> **Problem statement**:
From the records below, transcribe exactly the lines that begin at the line with "(1) سورة يس: 36/" and end at the line with "Upptäck en spegel", both included.

> **Data provided**:

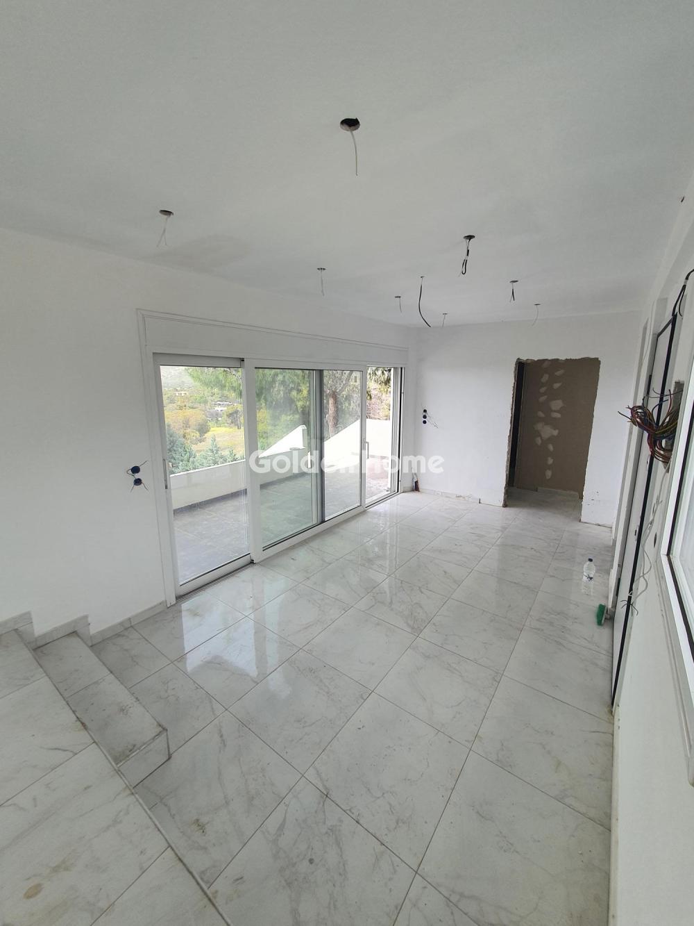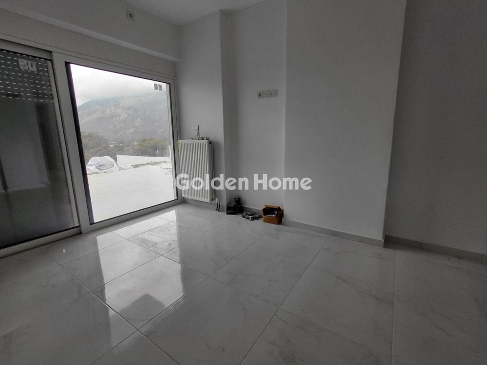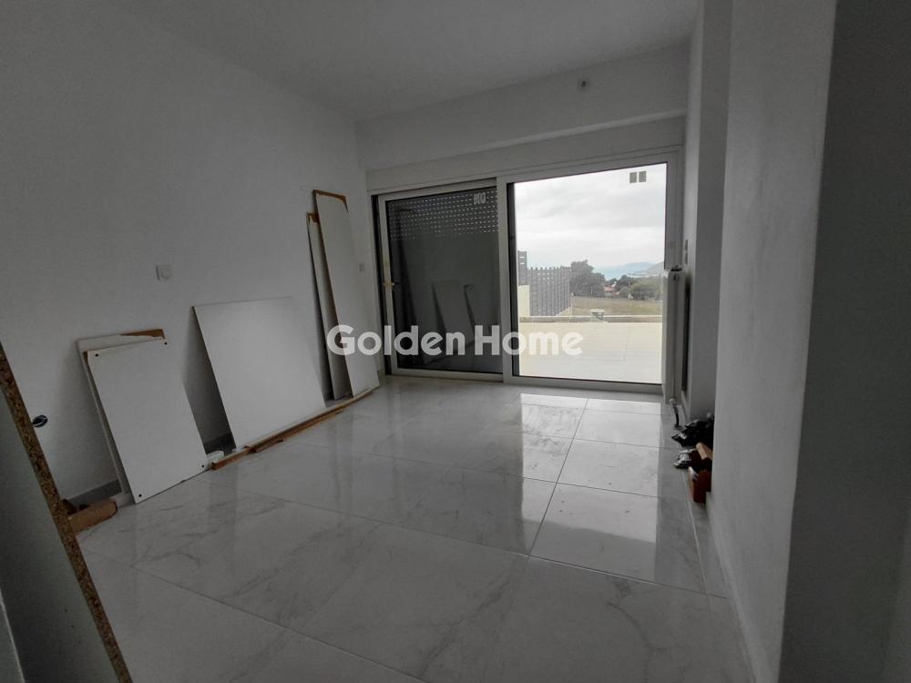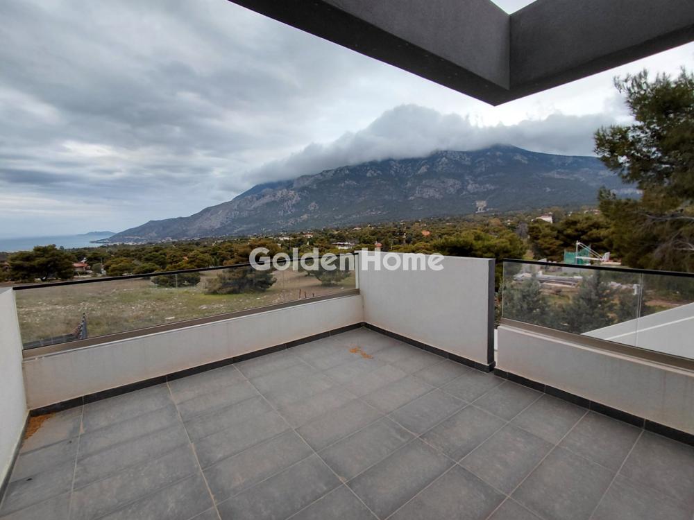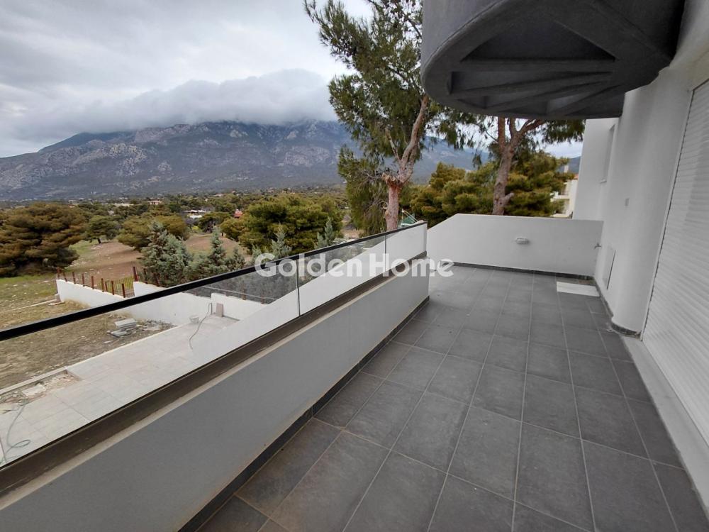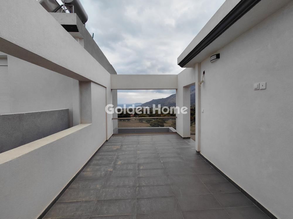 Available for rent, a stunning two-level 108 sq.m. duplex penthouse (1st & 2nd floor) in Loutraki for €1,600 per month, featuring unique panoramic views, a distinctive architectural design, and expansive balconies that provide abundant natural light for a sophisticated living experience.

* * *

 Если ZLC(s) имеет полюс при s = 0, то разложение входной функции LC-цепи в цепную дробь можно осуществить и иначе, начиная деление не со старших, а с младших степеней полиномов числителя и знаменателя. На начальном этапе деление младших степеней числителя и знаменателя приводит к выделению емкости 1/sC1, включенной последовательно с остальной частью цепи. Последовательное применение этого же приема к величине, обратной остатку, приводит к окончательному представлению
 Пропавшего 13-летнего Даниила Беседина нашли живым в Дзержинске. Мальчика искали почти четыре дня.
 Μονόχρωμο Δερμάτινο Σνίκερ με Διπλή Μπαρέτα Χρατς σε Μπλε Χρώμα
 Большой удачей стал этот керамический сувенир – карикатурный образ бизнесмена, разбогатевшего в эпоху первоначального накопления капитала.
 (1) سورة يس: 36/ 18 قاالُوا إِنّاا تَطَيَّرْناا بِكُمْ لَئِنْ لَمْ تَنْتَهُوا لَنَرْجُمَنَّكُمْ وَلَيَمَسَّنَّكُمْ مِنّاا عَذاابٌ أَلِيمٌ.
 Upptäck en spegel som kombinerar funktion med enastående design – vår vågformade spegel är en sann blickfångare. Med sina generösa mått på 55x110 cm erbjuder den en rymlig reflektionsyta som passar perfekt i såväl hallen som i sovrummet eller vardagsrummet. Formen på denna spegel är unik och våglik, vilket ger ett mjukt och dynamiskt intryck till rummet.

> **Task result**:
 (1) سورة يس: 36/ 18 قاالُوا إِنّاا تَطَيَّرْناا بِكُمْ لَئِنْ لَمْ تَنْتَهُوا لَنَرْجُمَنَّكُمْ وَلَيَمَسَّنَّكُمْ مِنّاا عَذاابٌ أَلِيمٌ.
 Upptäck en spegel som kombinerar funktion med enastående design – vår vågformade spegel är en sann blickfångare. Med sina generösa mått på 55x110 cm erbjuder den en rymlig reflektionsyta som passar perfekt i såväl hallen som i sovrummet eller vardagsrummet. Formen på denna spegel är unik och våglik, vilket ger ett mjukt och dynamiskt intryck till rummet.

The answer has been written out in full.